Por Isadora Godoy (Especial para o Correio ) — Santa Catarina iniciou o mês de outubro com fortes chuvas que provocaram estragos em diferentes cidades, como inundações e deslizamentos de terra. Para além disso, contudo, os temporais resultaram em um conflito de terra entre povos indígenas e o governo estadual. No último dia 8, autoridades do governo de Jorginho Mello (PL) fecharam as comportas da Barragem Norte, localizada na Terra Indígena Laklãno-Xokleng , na cidade de José Boiteux, região do Vale do Itajaí.
Em meio ao temporal e ao fechamento das comportas, o reservatório transbordou, o que provocou o alagamento do território indígena. Por meio das redes sociais, Jorginho Mello comunicou, no dia 7, sobre a ação, para "evitar uma tragédia ainda maior", segundo ele, visando a prevenção de enchentes para os municípios que são cortados pelo Rio Itajaí-Açu, como a cidade de Blumenau.
Pouco após o anúncio do governador, a Justiça Federal, a partir da decisão do juiz de plantão Vitor Hugo Anderle, autorizou o fechamento da barragem, contanto que o Estado adotasse medidas que garantissem a proteção e a providência para eliminar riscos para todos os envolvidos, como a disposição de equipe de atendimento de saúde em postos 24h e água potável para a aldeia indígena.
Uma indígena da comunidade, que pediu para não ser identificada, falou ao Correio , porém, que não houve comunicação com o povo Xokleng, além de ter ocorrido o descumprimento, por parte do governo estadual, dos acordos que já haviam sido estabelecidos com o cacique local.
"Já estava acordado que a Comunidade Xokleng não iria se opor às decisões tomadas para abrir ou para fechar as comportas, mas as decisões deveriam ser comunicadas.
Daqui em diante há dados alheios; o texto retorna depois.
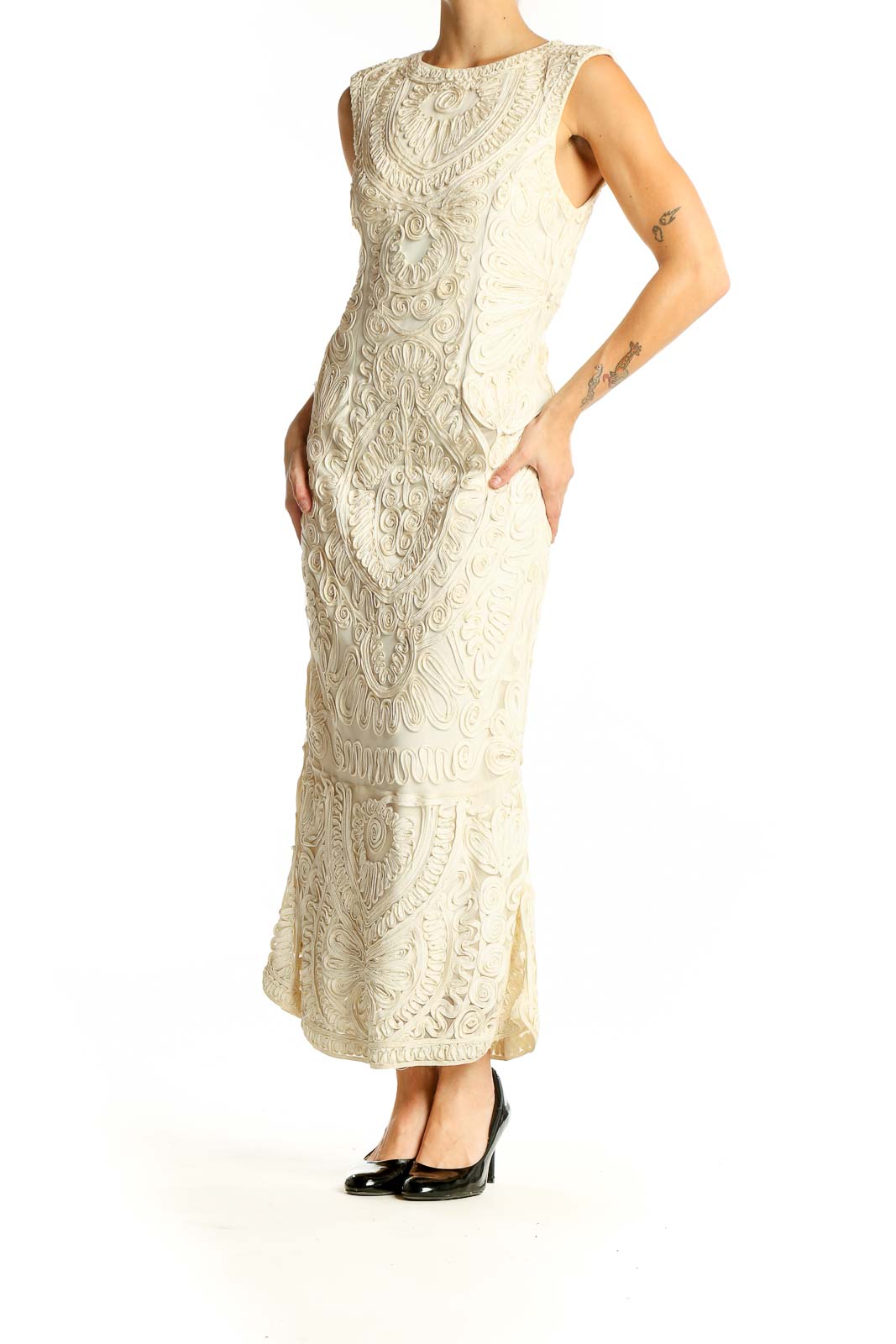 Make a stunning entrance in this exquisite ivory embroidered lace maxi dress by JS Collections. This elegant piece features an intricate all-over lace pattern with beautiful floral and swirl designs, creating a romantic and sophisticated look. The sleeveless silhouette and high neckline offer a classic touch, while the form-fitting bodice gracefully flows into a floor-length skirt with a subtle mermaid flare.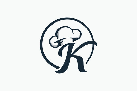 chef logo with a combination of letter k and chef hat for any business especially for restaurant, cafe, catering, etc.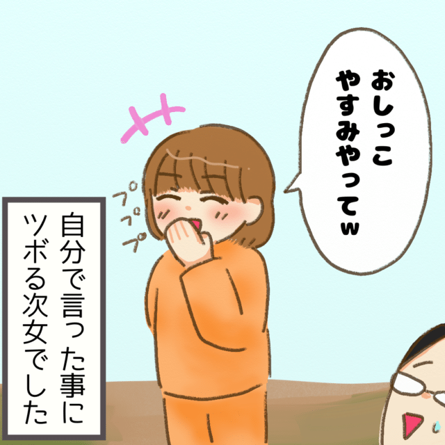 あはは!時間が経つにつれジワジワ面白く思えてくるパターンですね(笑)自分の言ったことにツボる次女ちゃん、可愛いです!

O fechamento foi realizado de maneira arbitrária, sem ter o nosso consentimento."
Crise humanitária e sanitária
A indígena afirmou, ainda, que, em 8 de outubro, no dia em que a Barragem Norte foi fechada, a Polícia Militar do estado entrou na TI para intimidar a comunidade, além de ter tido uma abordagem truculenta e violenta. Segundo ela, a polícia fez uso de spray de pimenta, gás lacrimogêneo, bala de borracha, e até disparo de arma de fogo, que atingiu o ombro de um indígena, onde ainda encontra-se o projétil, denunciou.
Além disso, contou, o governo de Santa Catarina tampouco cumpriu com a decisão da Justiça Federal, ao não prover a assistência necessária frente às fortes chuvas e ao alagamento das aldeias. "Estamos vivendo uma crise humanitária e sanitária. Não temos água potável, nem qualquer assistência médica, ou meios para o acesso aos médicos. Fomos abandonados pelo Estado, temos famílias desabrigadas e ilhadas."
"Alguns indígenas deixaram suas terras, com receio de suas casas ficarem submersas, indo para regiões da comunidade que estão em uma área de menor risco, não apenas para a proteção, mas como resistência contra o governo", acrescentou a fonte.
Entre os dias 13 e 14 de outubro, pela primeira vez na história da Barragem Norte, o reservatório atingiu a sua capacidade e começou a verter, que é o acontece quando a água passa por cima da estrutura chamada de vertedouro.
Em razão disso, no dia 15, um domingo, foi iniciada a abertura das comportas do reservatório, mas apenas uma delas conseguiu ser aberta em sua totalidade, enquanto a segunda apresentou uma dificuldade técnica, postergando a operação.
Nesse mesmo dia, ainda pela manhã, a comunidade de Xokleng foi surpreendida mais uma vez pela presença da Polícia militar nas terras indígenas, com o envio de viaturas e um helicóptero. Segundo a indígena, foi mais uma tentativa de intimidação e controle.
Perguntada sobre o Ministério dos Povos Indígenas, ela comentou que estão "prestando assistência, com a doação de alimentos e medicamentos, além de estarem dialogando para que acordos sejam estabelecidos e cumpridos". Entramos em contato com a pasta, e foram enviados apenas documentos e notícias sobre os reforços enviados para Santa Catarina para a ajuda humanitária emergencial às vítimas das inundações.
Foram realizadas, também, diversas tentativas de contato tanto com o governo de Santa Catarina quanto com a Defesa Civil, mas, até a publicação desta nota, o Correio não obteve resposta em relação às medidas adotadas pelo estado para o cuidado e proteção dos povos indígenas, acometidos pelos alagamentos frente ao fechamento da Barragem Norte.